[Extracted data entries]
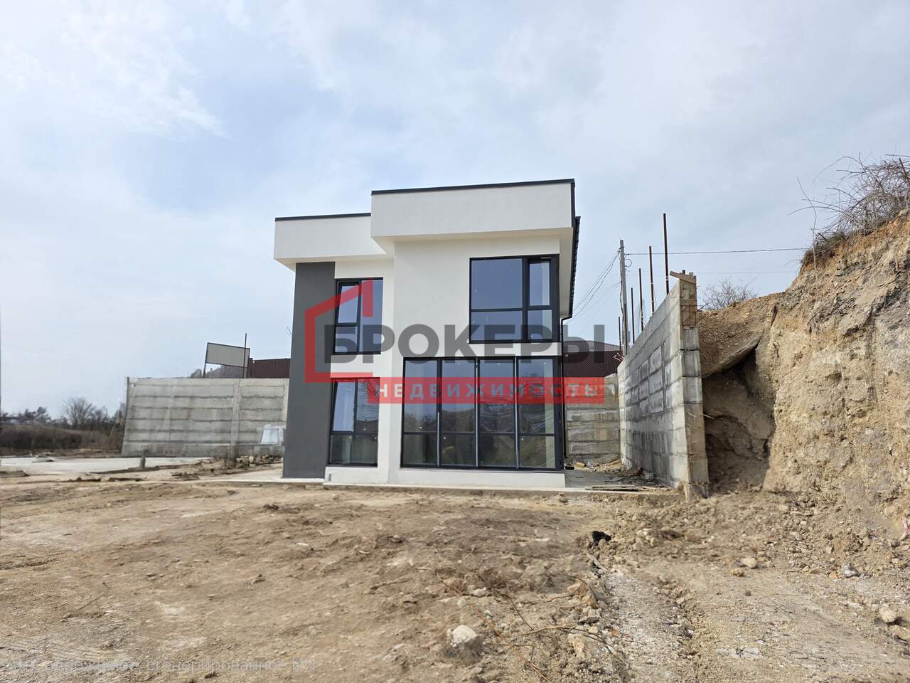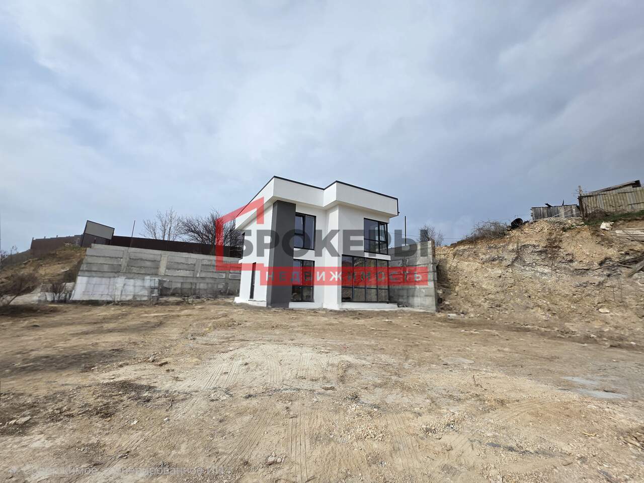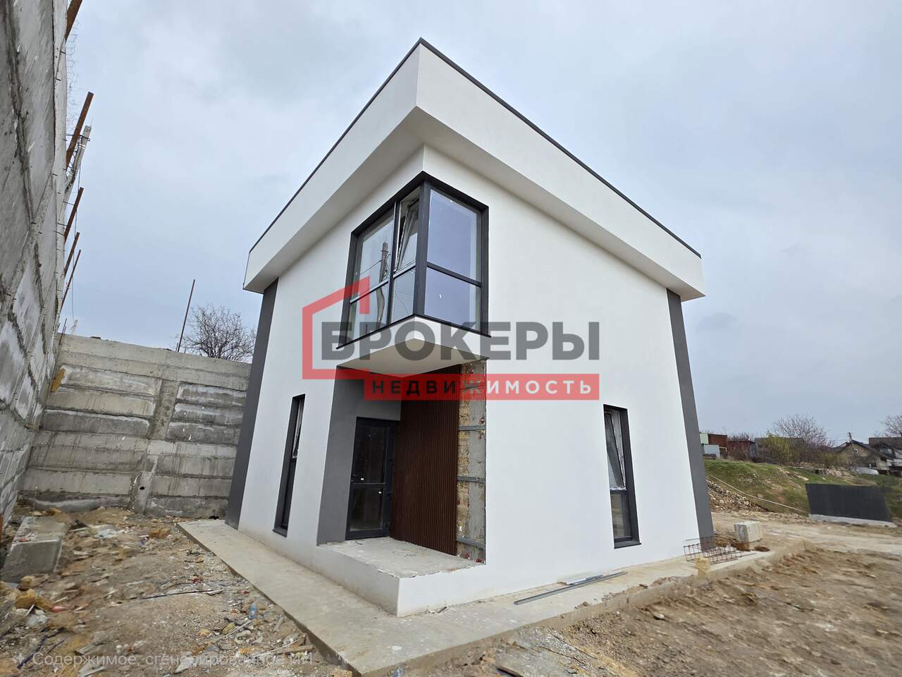 Построен из ракушечника в камень, утеплен пенопластом 5 см, фасад оштукатурен "барашком". Внутри выполнена предчистовая отделка стен, полы теплые с чистовой стяжкой.
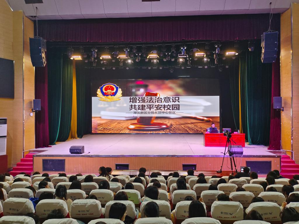 为贯彻落实第29个全国中小学生安全教育周相关文件精神和工作要求,切实加强校园安全教育,提高广大学生法治意识、安全防范意识和自我防护能力,3月29日下午,我校成功举办了一场法治教育讲座。此次讲座由学工处、安保处组织,邀请了我校法治副校长、湖滨新区公安分局职教园区派出所警探长刘李担任主讲人,我校千余名学生聆听了本次讲座。
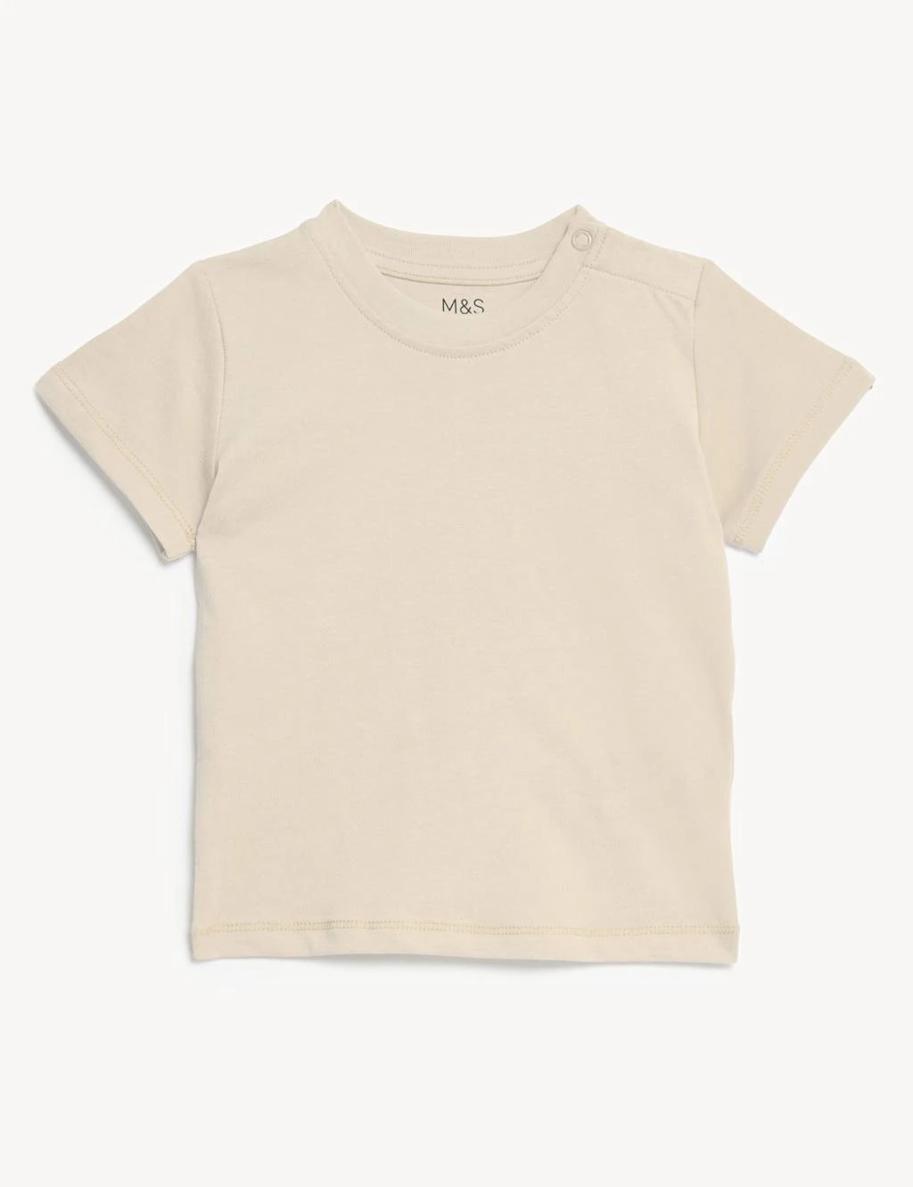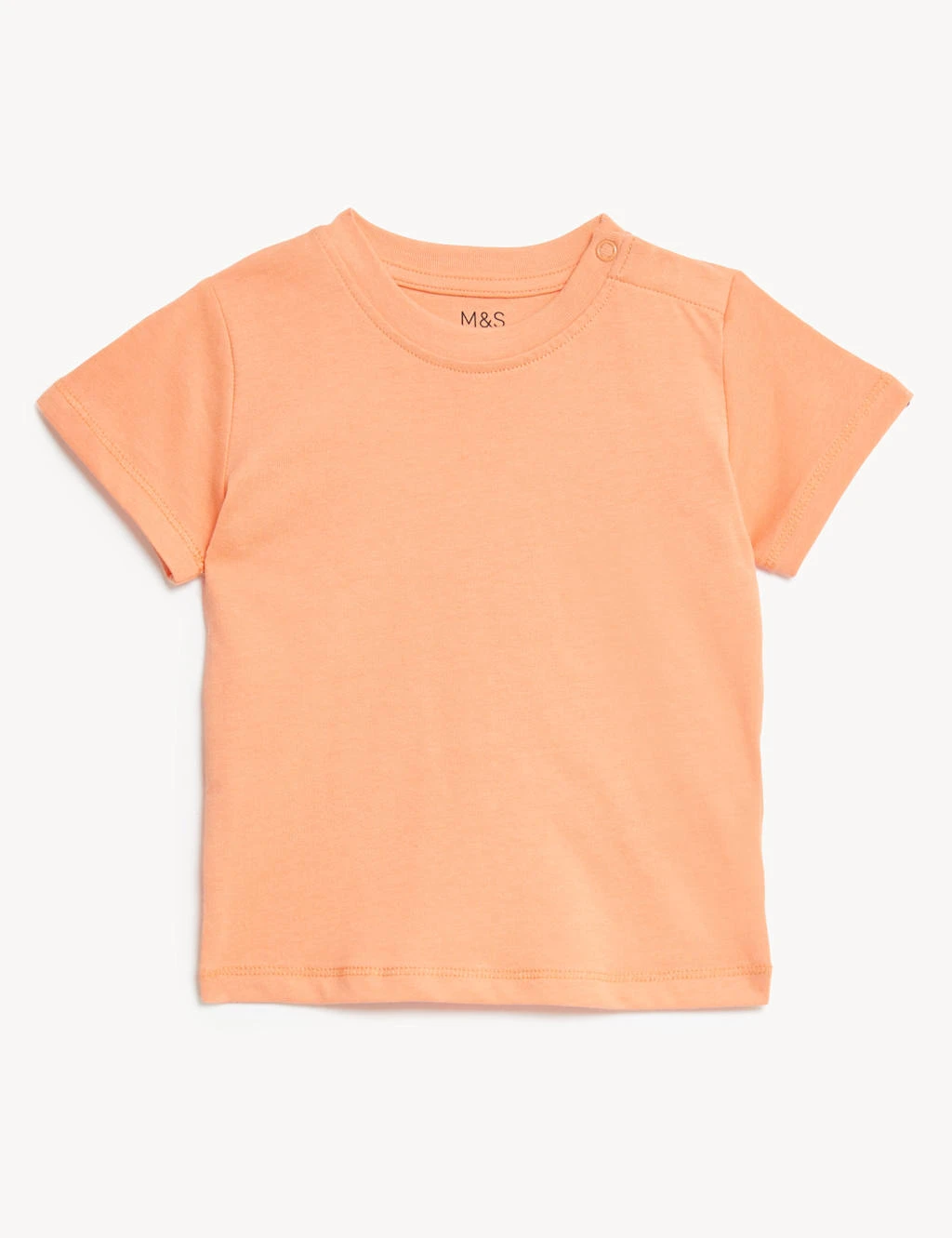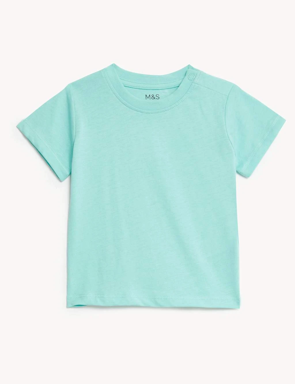 Stock up on their wardrobe essentials with these comfy pure cotton t-shirts. Designed with a round neckline and a popper fastening on the shoulder for easy dressing. Pack of five in assorted colours.
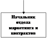 Ср. оценка = Средняя оценка ( 5,2 ) говорит об удовлетворительном состоянии внешних факторов неподконтрольных фирме. 2. Разработка тактики предприятия 2.1 Организация маркетинговой деятельности Ведущим принципом организации службы маркетинга предприятия должен являться лозунг “Маркетинг для фирмы, а не фирма для маркетинга”. Это означает, что служба должна постоянно развиваться и подстраиваться под цели, задачи и особенности функционирования фирмы, в максимальной мере обеспечивая ей эффективные условия рыночной деятельности. Отдел маркетинга и контрактов на нашем предприятии является структурным подразделением основного производства и возглавляется начальником, который непосредственно подчиняется директору производства, рис.3. В состав отдела маркетинга и контрактов входят следующие подразделения: - бюро маркетинга; - бюро контрактов и планирования. Структура отдела маркетинга и контрактов на ЗАО «НКМЗ».
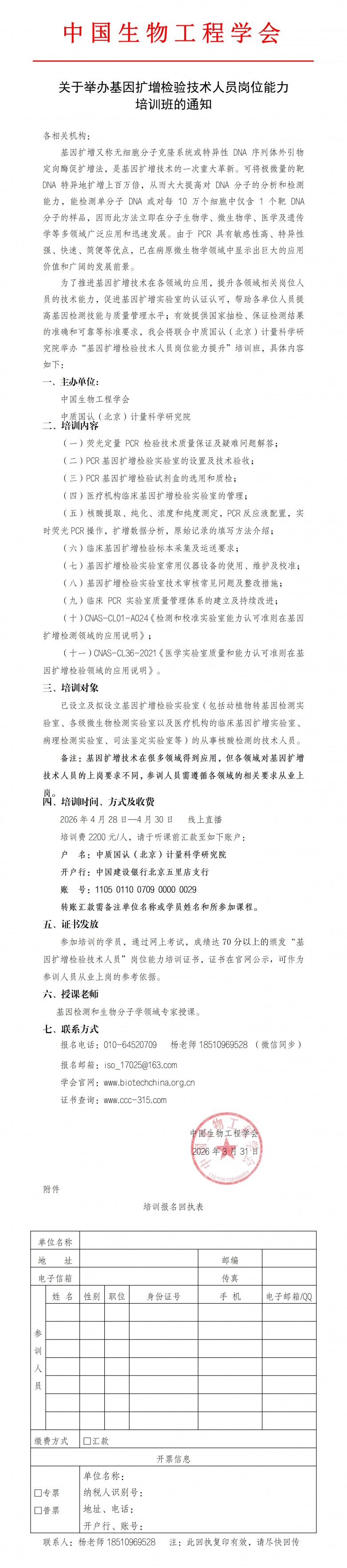 为深入践行 818 号文件精神,精准解读政策核心要义,破解技术转化中的合规难题与实践堵点,搭建 “政产学研医用” 多方协同的高端交流平台,中国生物工程学会联合汉氏联合集团等单位,特举办 “落实 818 号文件・赋能生物医学新技术临床转化大会”。本次大会以 “合规引领・创新转化 ——818 号文件下细胞治疗等生物医学新技术的发展路径与实践探索” 为主题,汇聚政策制定者、学术权威、临床专家与产业领军者,通过政策深度解读、前沿成果分享、实操标准研讨等多元化议程,系统梳理临床研究备案流程、风险管控要点与转化应用准则,分享高质量发展的实践经验与创新案例。 我们坚信,本次大会的举办,将助力行业各界准确把握 818 号文件的立法精神与实践要求,推动医疗机构、科研院所与企业构建长效协同创新机制,实现创新技术与临床需求的精准对接,加速科研成果从实验室走向临床一线。诚邀各界同仁齐聚江西上饶,共话政策机遇、共探发展路径、共筑产业生态,以合规为基、以创新为翼,携手推动我国生物医学新技术临床转化事业行稳致远,为健康中国建设注入更为强劲的科技动能!上岗、备案、求职刚需!PCR、NGS、生物安全、生信分析师、细胞制备师、实验室质量管理全覆盖!助力持证上岗!
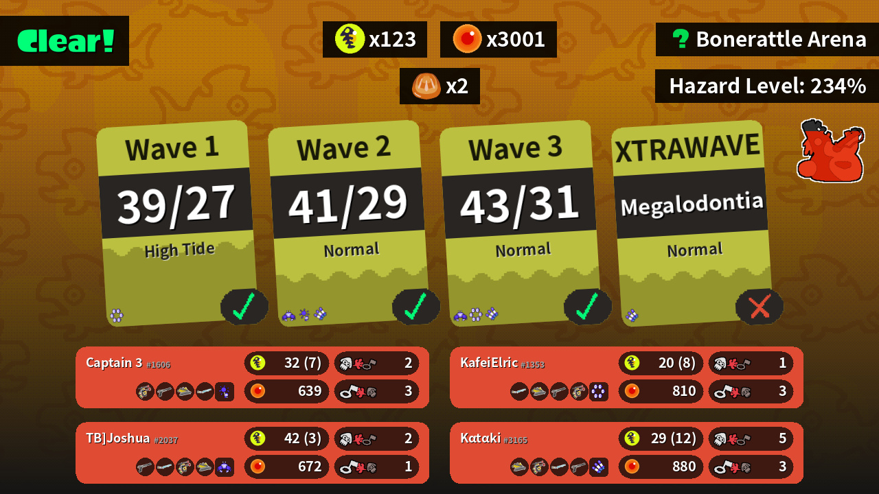 | Special | Booyah Bomb (1) | Crab Tank (2) | Triple Inkstrike (2) | Killer Wail 5.1 (2) |
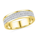 Description 10kt Yellow Gold Women's Round Diamond 2-row Band Ring 1/5 Cttw Gemstone Details 1/5 Carats total weight Specifications 10kt Yellow Gold Combined diamond weight of 1/5 carats total weight represents a range of 0.18 - 0.22 cts. t.w.
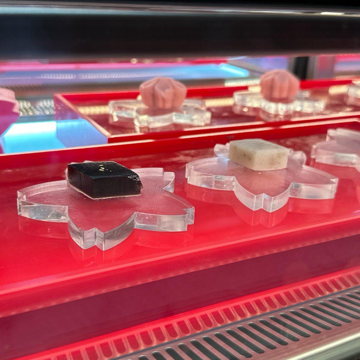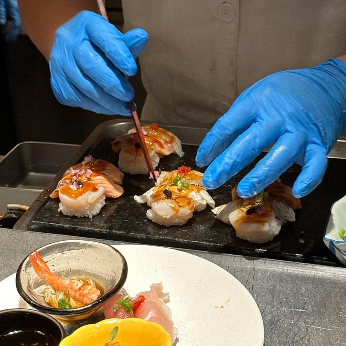 這區皆為師傅現做的握壽司,櫻花鯛魚、和牛、鮭魚肚、鰤魚、蟹膏干貝跟比目魚鰭,一次可以選三種壽司,可以重複選擇沒關係,我是選了干貝、鮭魚及鯛魚,師傅在每種不同的握壽司上都會佐以不同的小調味,視覺跟味覺都到不同多樣的層次感,覺得完全不輸外面的單點壽司,直得排隊多次享用。

What you have to do
Give again the stretch of the entries above that begins at the line with "为深入践行 818 号文件精神,精准解读政策核心要义,破解技术转化中的合规难题与实践堵点,搭建" and ends at the line with "Wail 5.1 (2) |", word for word, with no pictures.

Solution to this exercise
 为深入践行 818 号文件精神,精准解读政策核心要义,破解技术转化中的合规难题与实践堵点,搭建 “政产学研医用” 多方协同的高端交流平台,中国生物工程学会联合汉氏联合集团等单位,特举办 “落实 818 号文件・赋能生物医学新技术临床转化大会”。本次大会以 “合规引领・创新转化 ——818 号文件下细胞治疗等生物医学新技术的发展路径与实践探索” 为主题,汇聚政策制定者、学术权威、临床专家与产业领军者,通过政策深度解读、前沿成果分享、实操标准研讨等多元化议程,系统梳理临床研究备案流程、风险管控要点与转化应用准则,分享高质量发展的实践经验与创新案例。 我们坚信,本次大会的举办,将助力行业各界准确把握 818 号文件的立法精神与实践要求,推动医疗机构、科研院所与企业构建长效协同创新机制,实现创新技术与临床需求的精准对接,加速科研成果从实验室走向临床一线。诚邀各界同仁齐聚江西上饶,共话政策机遇、共探发展路径、共筑产业生态,以合规为基、以创新为翼,携手推动我国生物医学新技术临床转化事业行稳致远,为健康中国建设注入更为强劲的科技动能!上岗、备案、求职刚需!PCR、NGS、生物安全、生信分析师、细胞制备师、实验室质量管理全覆盖!助力持证上岗!
 | Special | Booyah Bomb (1) | Crab Tank (2) | Triple Inkstrike (2) | Killer Wail 5.1 (2) |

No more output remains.